3. PROPERTY, PLANT AND EQUIPMENT, INTANGIBLE ASSETS AND INVESTMENT PROPERTIES
The Group acquired property, plant and equipment at a fair value of R2 347 million (2015: R13 329 million) and acquired
intangible assets at a fair value of R478 million (2015: R14 100 million including goodwill and brands).
A fixed property, amounting to R2 049 million (A$182 million), previously disclosed under property, plant and equipment
(within the David Jones segment), has been reclassified as a non-current asset held for sale. Depreciation
has ceased. At year-end, the property is recognised at the lower of its carrying amount and fair value, less costs to sell.
The sale agreement was concluded subsequent to year-end (refer to note 10).
Two fixed properties, totalling R30 million, previously disclosed as non-current assets held for sale (within the Woolworths
segment), have been reclassified to property, plant and equipment. These properties were subject to suspensive
conditions under sale agreements; however certain conditions have subsequently not been satisfactorily met. The
directors therefore do not consider the conclusion of the sales to be highly probable at this stage. At year-end, these
properties are recognised at the lower of their carrying amounts and fair value, less costs to sell.
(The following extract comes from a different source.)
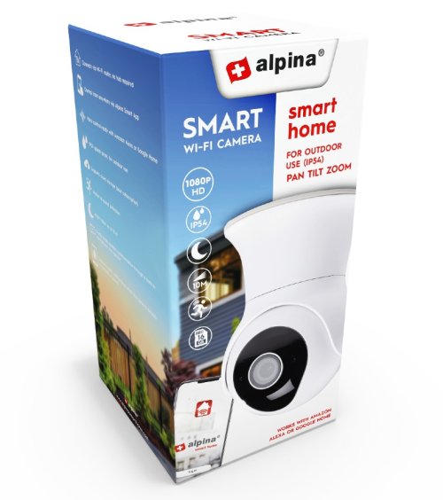 Radi si svoj cenný majetok čo najlepšie strážime. Spomeňte si napríklad na dom, ktorý zdieľate so svojou rodinou, alebo na firmu, pre ktorú ste roky tvrdo pracovali. Aby ste mohli mať veci čo najviac na očiach, alpina Smart home predstavuje múdru wifi kameru pre vonkajšie použitie. Táto šikovná bezpečnostná kamera má funkciu otáčania a nakláňania, nočné videnie až na 10 metrov, zvukový a pohybový senzor a má aj certifikáciu IP54 proti prachu a vode. Stručne povedané: perfektný gadget, aby ste mohli pozorne sledovať okolie vášho domova alebo firemných priestorov.WiFi kamera na vonkajšie použitieVonkajšia WiFi kamera alpina Smart home je dokonalou bezpečnostnou kamerou pre váš domov alebo firemné priestory. Namontujete ho na strategické miesto, aby ste mohli dohliadať na zlodejov a ďalších nepozvaných hostí. Vonkajšia kamera má certifikáciu IP54 proti prachu a vode. To znamená, že vonkajšia kamera je úplne prachotesná a chránená proti striekajúcej vode s rýchlosťou 10 l/min v akomkoľvek uhle. Full HD kvalita obrazu a nočné videnie Inteligentná domáca vonkajšia kamera alpina ponúka pôsobivú kvalitu obrazu Full HD v rozlíšení 1080p. Takže nikdy nezmeškáte ani okamih. Aj v noci môžete mať veci neustále pod dohľadom. WiFi kamera má špeciálne nočné videnie až na 10 metrov. Takže aj v noci alebo skoro ráno môžete vidieť, čo sa deje okolo vášho domova . Zvukový a pohybový senzor Okrem Full HD kvality obrazu a nočného videnia je tu ešte jeden spôsob, ako domáca bezpečnostná kamera alpina Smart zaistí, že už nikdy nezmeškáte žiadny okamih. Vonkajšia kamera má špeciálny zvukový a pohybový senzor, ktorý zachytí akýkoľvek zvuk alebo pohyb v bezprostrednej blízkosti kamery. Keď zaznamenáte zvuk alebo pohyb, kamera odošle push notifikáciu do vášho smartfónu, aby vás upozornila. Obojsmerná komunikáciaĎalšou užitočnou funkciou tejto alpina Smart home WiFi kamery je možnosť obojsmernej komunikácie. To je obzvlášť užitočné, keď sa vo dverách nečakane objavia priatelia, rodina alebo poštový pracovník, keď nie ste doma. Prostredníctvom vstavaného mikrofónu môžete počuť, čo sa vám hovorí pri dverách, a tiež hovoriť späť. Dajte napríklad poštárovi vedieť, že môže balík doručiť susedom, ktorí sú doma . Aplikácia alpina Smart homeRôzne funkcie vonkajšej bezpečnostnej kamery alpina je možné ľahko ovládať na diaľku pomocou aplikácie alpina Smart home. Aplikáciu si môžete ľahko stiahnuť do svojho smartfónu cez Google Play Store (android) alebo App Store (iOS). Aplikácia vám umožňuje prezerať živé obrazy vášho domova alebo firemných priestorov, upraviť uhol pohľadu kamery, prijímať upozornenia, keď je detekovaný zvuk alebo pohyb, av prípade potreby robiť snímky obrazu. Aplikáciu môžete používať odkiaľkoľvek, ak máte pripojenie k internetu. Obsah balenia - Inteligentná IP kamera - Držiak kamery - Napájací adaptér - Rýchly návod - Maximálne rozlíšenie videa: Full HD 1080p - Aplikácia dostupná pre: Android, IOS - Pripojenie napájania zariadenia: EU zásuvka - typ EF- Krytie IP: IP54- Vstupný prúd: 100-240V- Veľkosť šošovky: 4 mm- Maximálna kapacita úložiska: 16 GB- Maximálny počet snímok za sekundu: 25 snímok za sekundu- Nočné videnie: 10m- Výstup: 12V/1A- Uhol otáčania: 355 ° - Uhol náklonu: 85 ° - Vysielací frekvenčný rozsah: 2412 - 2472 MHz - Kompresia videa: H.264 - Pozorovací uhol: 100 °.

The reclassification
has no impact on the financial position or results of operations of the Group for the current and prior periods.
4. ISSUE AND PURCHASE OF SHARES
24 361 954 ordinary shares totalling R2 414 million were issued and allocated to employees in terms of the Group's Black
Economic Empowerment Employee Share Ownership Scheme, which reached maturity on 30 June 2015.
2 920 865 ordinary shares totalling R252 million were issued and allocated to shareholders in terms of the scrip distribution
alternative.
2 167 167 (2015: 1 768 311) ordinary shares totalling R183 million (2015: R140 million) were issued and allocated to employees
in terms of the Group's share incentive schemes. In the prior year, 3 061 442 ordinary shares totalling R238 million were
purchased from the market and transferred to employees.
362 215 (2015: 835 560) ordinary shares totalling R34 million (2015: R70 million) were purchased from the market by
Woolworths Proprietary Limited and are held as treasury shares by the Group. 685 540 (2015: 2 031 491) ordinary shares
totalling R33 million (2015: R43 million) were allocated to employees in terms of the Group's Restricted Share Plan.
In the prior year, 167 803 572 ordinary shares totalling R9 984 million were issued by way of a rights issue on 2 October 2014.
Rights issue costs of R421 million were charged to equity.
5. CHANGE IN ACCOUNTING POLICY
The adoption of certain new standards, which became effective in the current year, has resulted in minor changes
to accounting policies and disclosure, none of which have a material impact on the financial position or performance
of the Group.
6. FAIR VALUE OF FINANCIAL INSTRUMENTS
The carrying value of trade and other receivables, trade and other payables and borrowings approximate their
fair values.
In terms of IFRS 13: Fair value measurement, the Group's derivative financial instruments are measured at fair value and
determined to be level two under the fair value hierarchy using inputs that are observable for the asset or liability,
either directly or indirectly.
7. CONTINGENT LIABILITIES
Group companies are party to legal disputes and investigations that have arisen in the ordinary course of business.
Whilst the outcome of these matters cannot readily be foreseen, the directors do not expect them to have any material
financial effect.
8. BORROWING FACILITIES
Unutilised banking and debt facilities amount to R9 217 million (2015: R7 102 million). In terms of the Memorandum of
Incorporation, the Group has unlimited borrowing powers.
9. RELATED-PARTY TRANSACTIONS
The Group entered into related-party transactions, the substance of which is disclosed in the Group's 2016 Annual
Financial Statements. Intragroup adjustments relate to the sale of concession goods between segments and supply
chain distribution adjustments.
10. EVENTS SUBSEQUENT TO THE REPORTING DATE
The sale of the Market Street building in Sydney's CBD was completed in August 2016, with gross proceeds on sale of
A$360 million. The Group has also entered into a 3-year lease agreement with the purchasers at market-related terms. It is
anticipated that the Market Street operations will be relocated to Elizabeth Street after a period of renovation. As a result
of the sale of the Market Street building, the Group announced its intention to relocate the David Jones support centre from
Sydney to Melbourne and to establish an Australasian head office for David Jones (DJ) and Country Road Group (CRG). CRG
has entered into a lease for the new offices in Melbourne, with DJ as a guarantor for this lease, commencing in July 2017.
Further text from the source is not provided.